Ох, эти надежды, когда предчувствия говорят совсем иное!
Предчувствия Бакланова не обманули.
Началось все с того, что рабы все же вышли к одному из хуторов. Были они измотаны до последнего предела, к тому же тащили с собой детей, и пришлось дать им кров и пищу хотя бы на этот день.
Солнце перевалило далеко за полдень, потом стало ощутимо клониться к горизонту, и Бакланову показалось – пронесло. Завтра с утра можно будет отправить негров подальше. Не для того же существует линия, дабы помогать всем, кто решил покинуть североамериканские владения! Каждый сам делает собственную судьбу. Надо лишь предоставить ему эту возможность.
Отойдут подальше – там их уже не достанут.

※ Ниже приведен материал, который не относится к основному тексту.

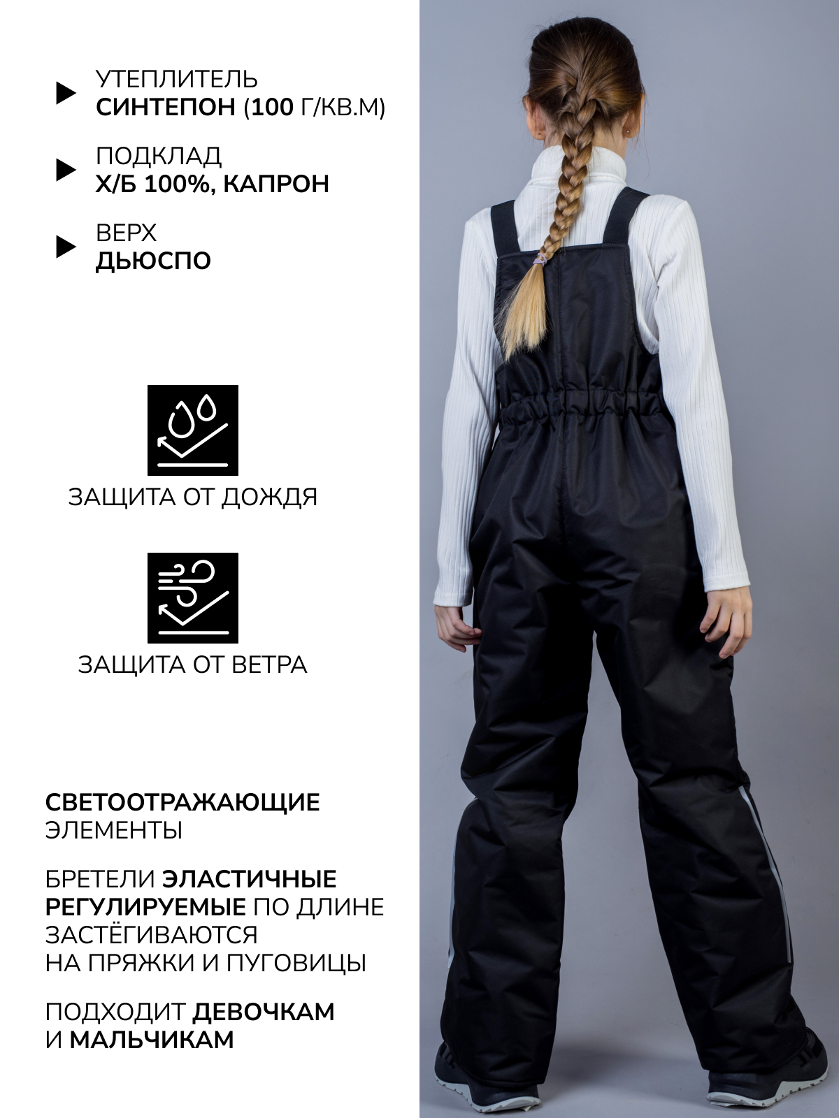 Полукомбинезон детский демисезонный непромокаемый черный 110 2 050 ₽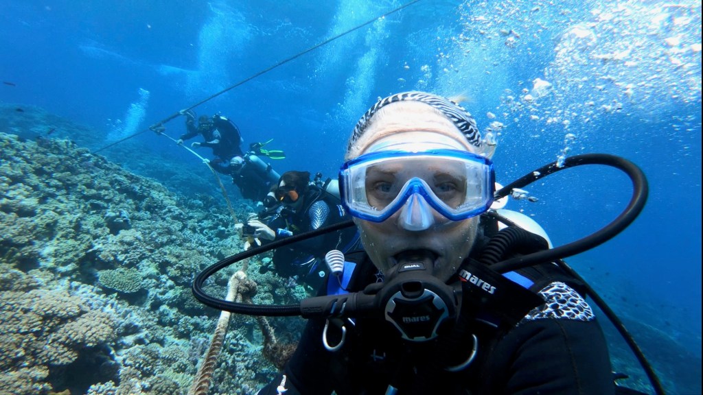 I had been skeptical about taking part in an activity that I suspected was more for tourism than for the benefit of the sharks. After listening to the dive master, I understood that the philosophy of the resort’s dive school was that regularly feeding the sharks protects the fish population and, indirectly, the health of the coral reef. Satisfying the sharks’ appetites with the (otherwise discarded) tuna heads all made sense to me.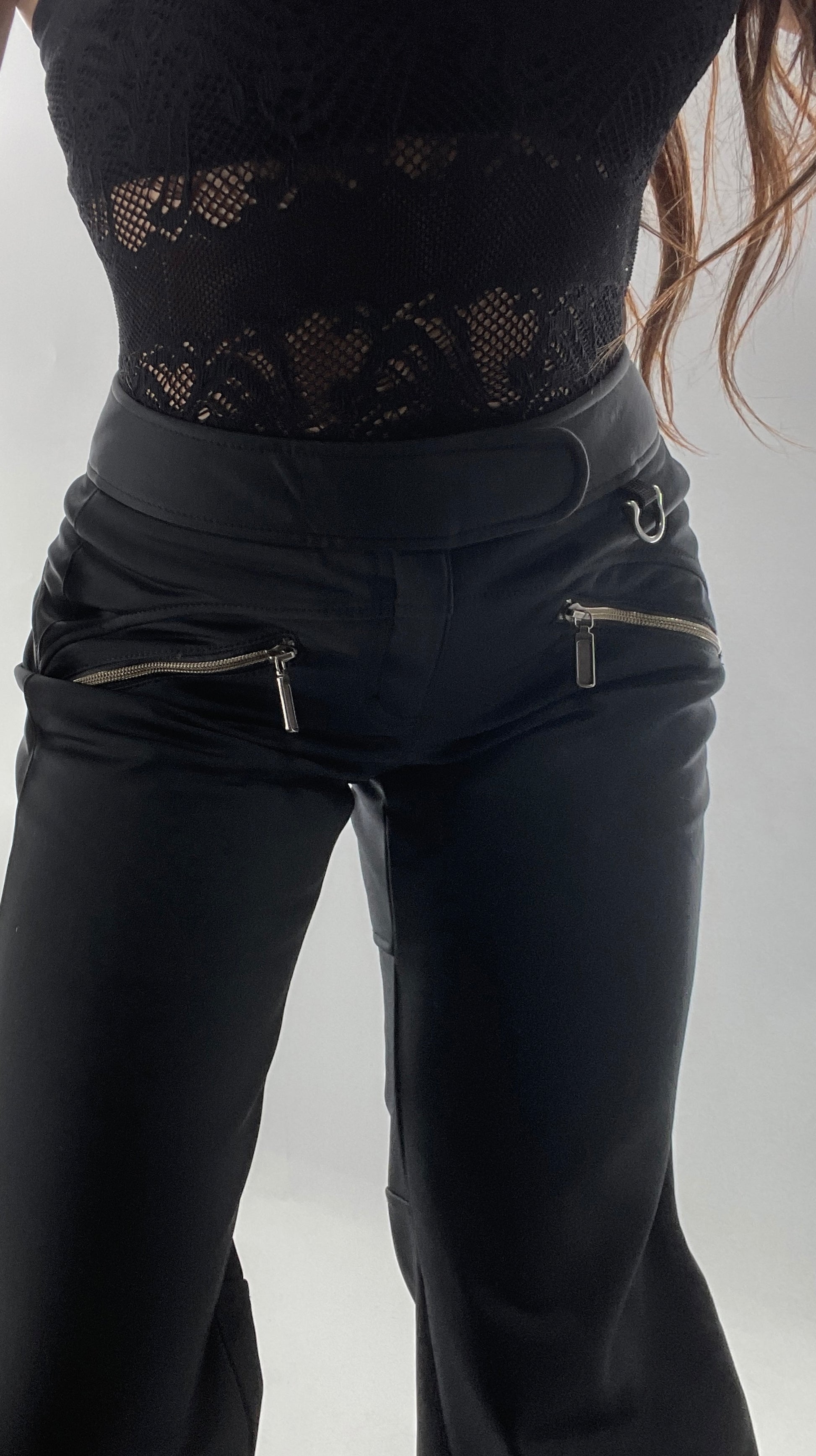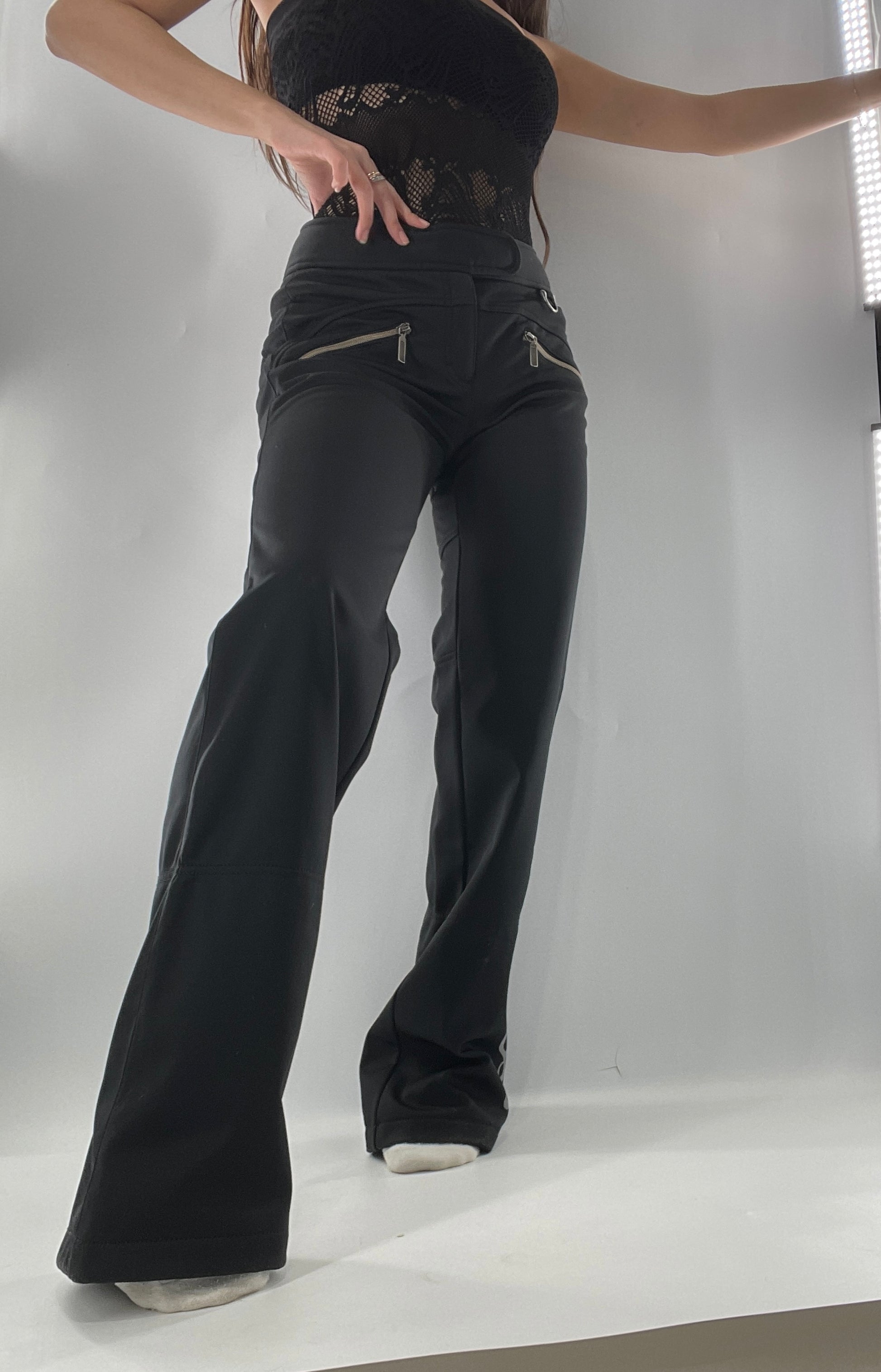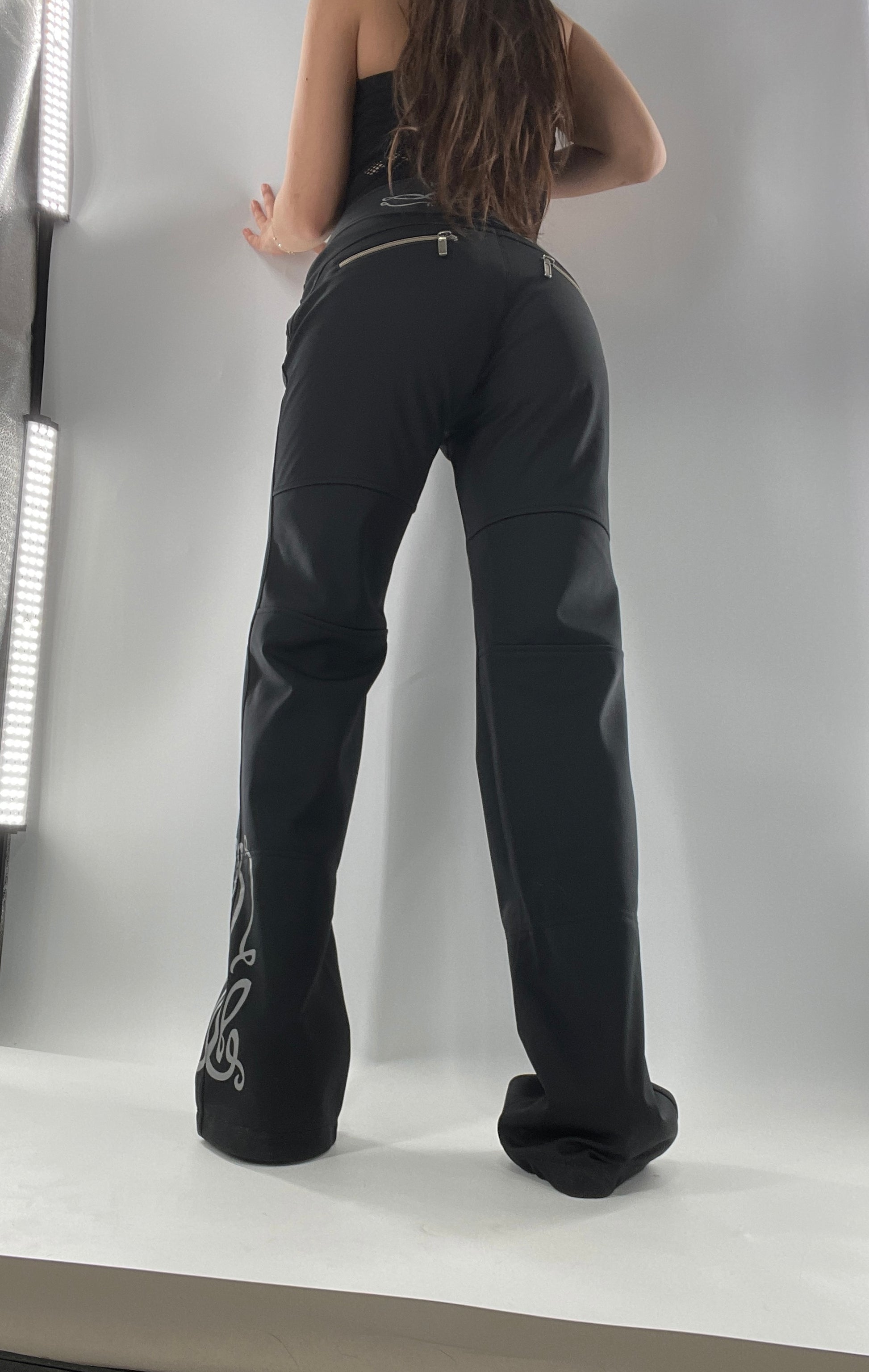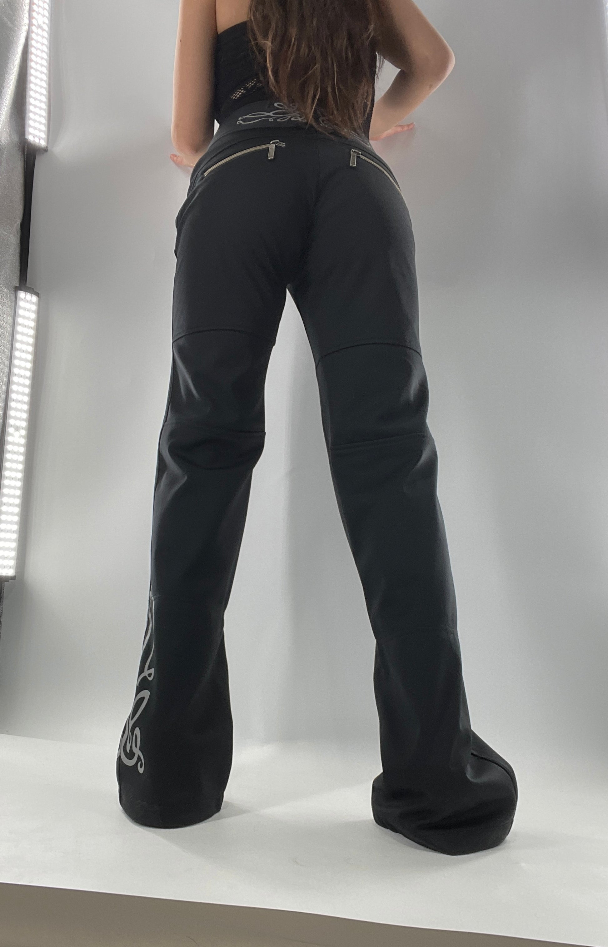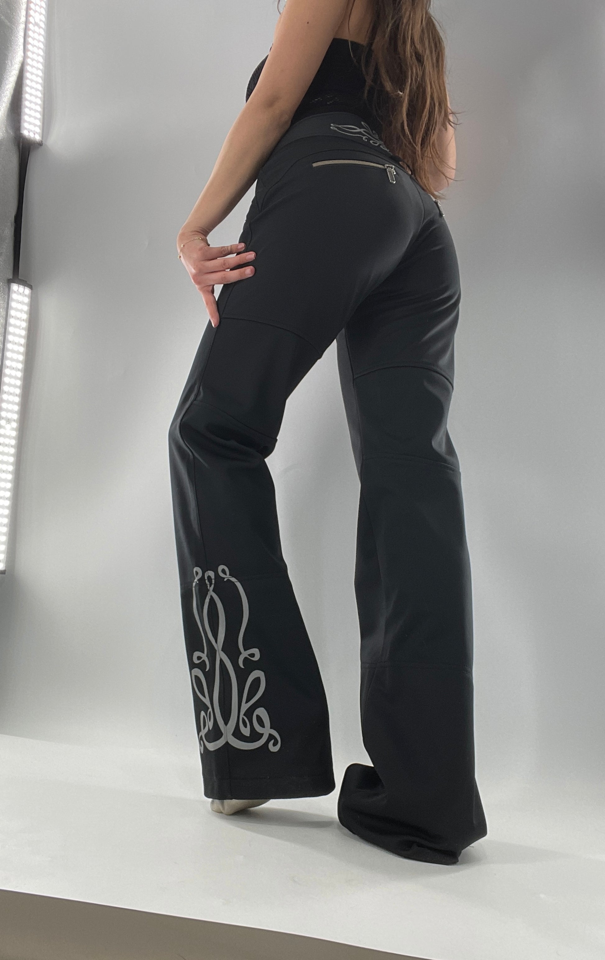 Vintage Athleta Flare 100% Nylon Black Pants with Side Clasps, Low Rise, Graphic on Back and Side of Leg (4)

Наверное.
Не отошли. Преследователи шли буквально по пятам. И по следам. Судя по всему, даже на сиесту останавливаться не стали.
О приближении конной группы атамана известили заранее. Медлить было нечего, и собранные два десятка казаков сразу направились наперерез. По сообщениям дозорных, североамериканцев было около полусотни, однако Бакланов надеялся разрешить дело миром. Правда, на всякий случай гонцы были посланы вдоль всей линии.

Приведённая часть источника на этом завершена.